Universitas Muhammadiyah Tangerang (UMT) secara resmi telah mulai melaksanakan tes TOEIC secara Paper-Based Test (PBT) pada tanggal 12 Oktober 2020 di Aula UMT. Tentunya dengan menerapkan protokol kesehatan yang ketat untuk mencegah resiko penularan COVID-19. Kegiatan ini dibuka oleh Rektor Universitas Muhammadiyah Tangerang, yaitu Bapak Dr. H. Ahmad Amarullah, M.Pd. dan ketua pusat bahasa, Bapak Abdurrosyid, SS., M.EIL., Cert TA sebagai penanggung jawab pelaksanaan di Universitas Muhammadiyah Tangerang.
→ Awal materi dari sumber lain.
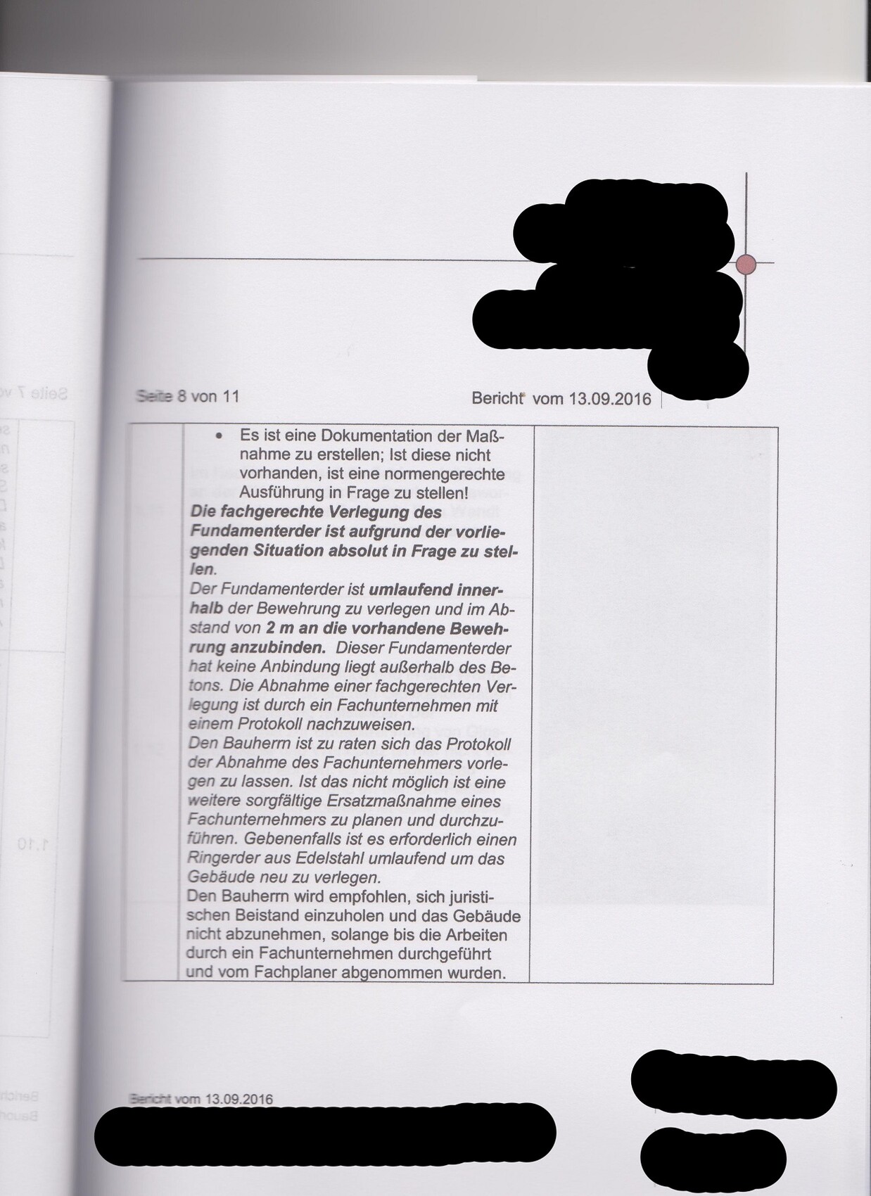 Dennoch stelle ich hiermit Auszüge aus dem Gutachten zum eigentlichen Thema Fundament zur Verfügung.

Pelaksanaan tes TOEIC ini berlangsung dimulai dari tanggal 12 Oktober hingga 16 Oktober 2020 dengan jumlah peserta lebih dari 800 mahasiswa. Untuk pelaksanaan yang lancar dan sesuai protokol kesehatan, tata ruang pelaksanaan sertifikasi TOEIC disetting dengan jarak duduk antar peserta kurang lebih 1,5 meter. Pelaksanaan juga terbatas hanya 2 sesi dalam 1 hari, di mana per sesinya hanya mengakomodir sebanyak 85 peserta. yang dibagi menjadi 2 sesi: pagi dan siang dan diawasi langsung oleh Supervisior Test yaitu Bapak Mohammad Noordandy. Kegiatan ini dipimpin langsung oleh Kepala Divisi Test Administration Division dari International Test Center, Bapak Dandy, yang sebelumnya pada saat seremonial penandatanganan MoA juga memberikan briefing bagi proctor/penjaga tes untuk membantu memaksimalkan kinerja rangkaian pelaksanaan sertifikasi TOEIC untuk Universitas Muhammadiyah Tangerang.

Sertifikasi TOEIC ini bertujuan untuk menilai kemampuan bahasa Inggris mahasiswa tingkat akhir dan menjadi salah satu syarat mendapatkan SKPI. Calon lulusan diharapkan memiliki kemampuan bahasa Inggris yang memadai untuk memasuki dunia kerja, ataupun melanjutkan jenjang pendidikan berikutnya.
Selain itu, rencana pada tahun 2021 juga akan dilaksanakan tes berikutnya bagi lebih dari 4000 mahasiswa. Semoga dapat berjalan lancar, dan memberikan motivasi bagi mahasiswa untuk mengingkatkan kemampuan bahasa Inggris kedepannya dan meningkatkan kualitas lulusan Univeristas Muhammadiyah Tangerang.